Conclusions and Implications

This study uncovered a unique dependency on nucleotide biosynthesis in MRT, providing a novel therapeutic target for these aggressive pediatric tumors. Methotrexate (MTX), an already-approved clinical drug, displayed strong potential as a treatment option, raising the possibility of integrating it into existing regimens to improve patient survival. Additionally, Bay-2402234, with its high metabolic specificity, offers an alternative candidate with potentially better safety profiles.


Key Highlights and Contributions

  1. Identification of Metabolic Vulnerabilities
    This study is among the first to precisely map the metabolic landscape of pediatric solid tumors, identifying nucleotide dependence as a critical vulnerability in MRT.

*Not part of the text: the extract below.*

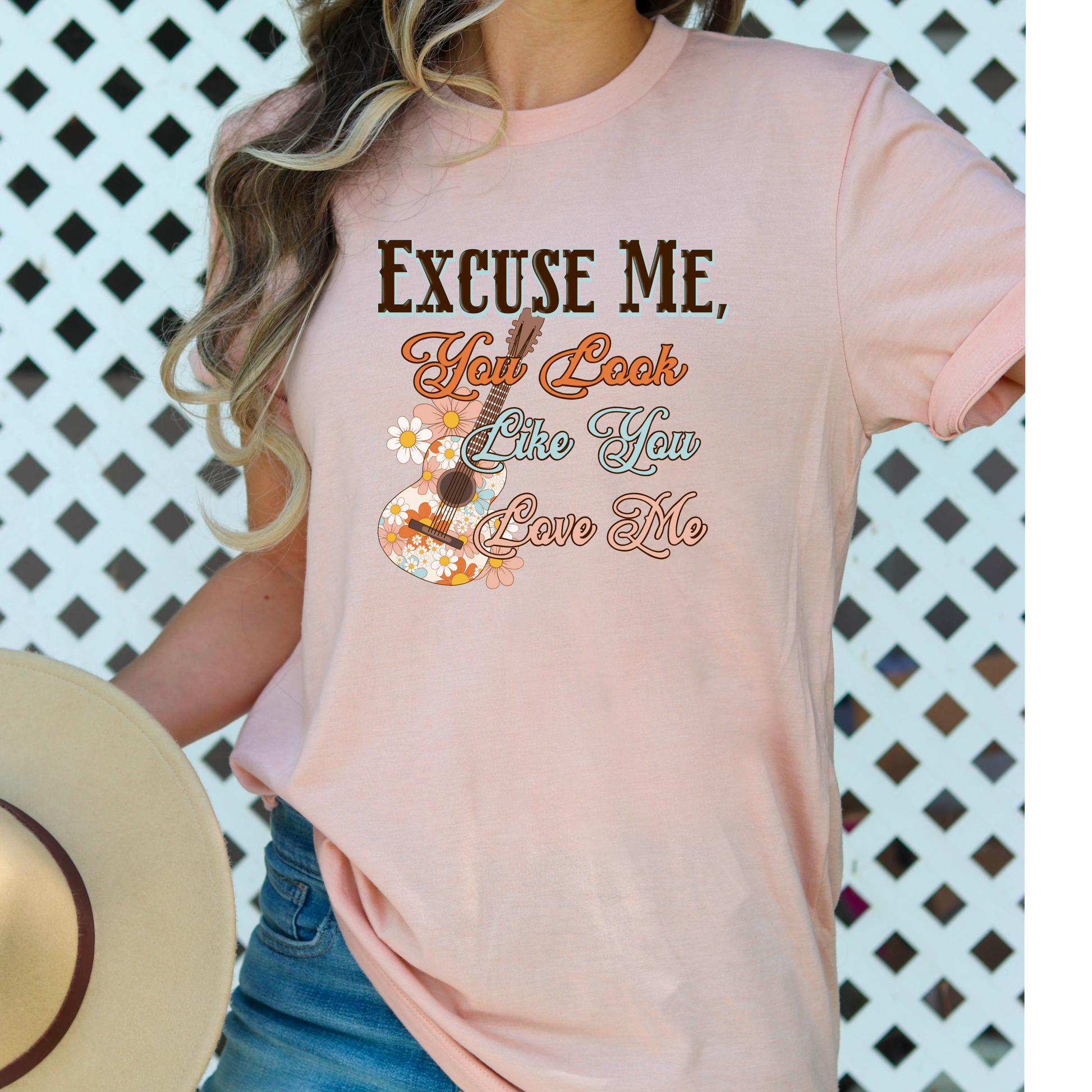 Add a retro western vibe to your wardrobe with this Excuse Me, You Look Like You Love Me graphic tee! Featuring playful fonts and a floral guitar design, this country-inspired t-shirt is perfect for cowgirls, country concerts, rodeo weekends, and western boutique fashion lovers. A fun blend of vintage style and country charm.

  2. Validation of Drug Efficacy
    The study highlights the potential of MTX and Bay in targeting purine and pyrimidine synthesis pathways, supporting their utility in precision oncology.

  3. Clinical Translational Prospects
    With strong in vivo validation and pre-existing clinical safety data for these drugs, the study opens pathways for their potential application in treating fatal pediatric tumors.


Limitations and Future Directions

The study acknowledged that the efficacy of MTX may be reduced when exogenous nucleotide supply is sufficient, emphasizing the need for future validations under physiological nutrient concentrations. Additionally, further research into combination therapies and resistance mechanisms is warranted. Overall, this research paves the way for deeper insights and innovative treatments for pediatric cancers.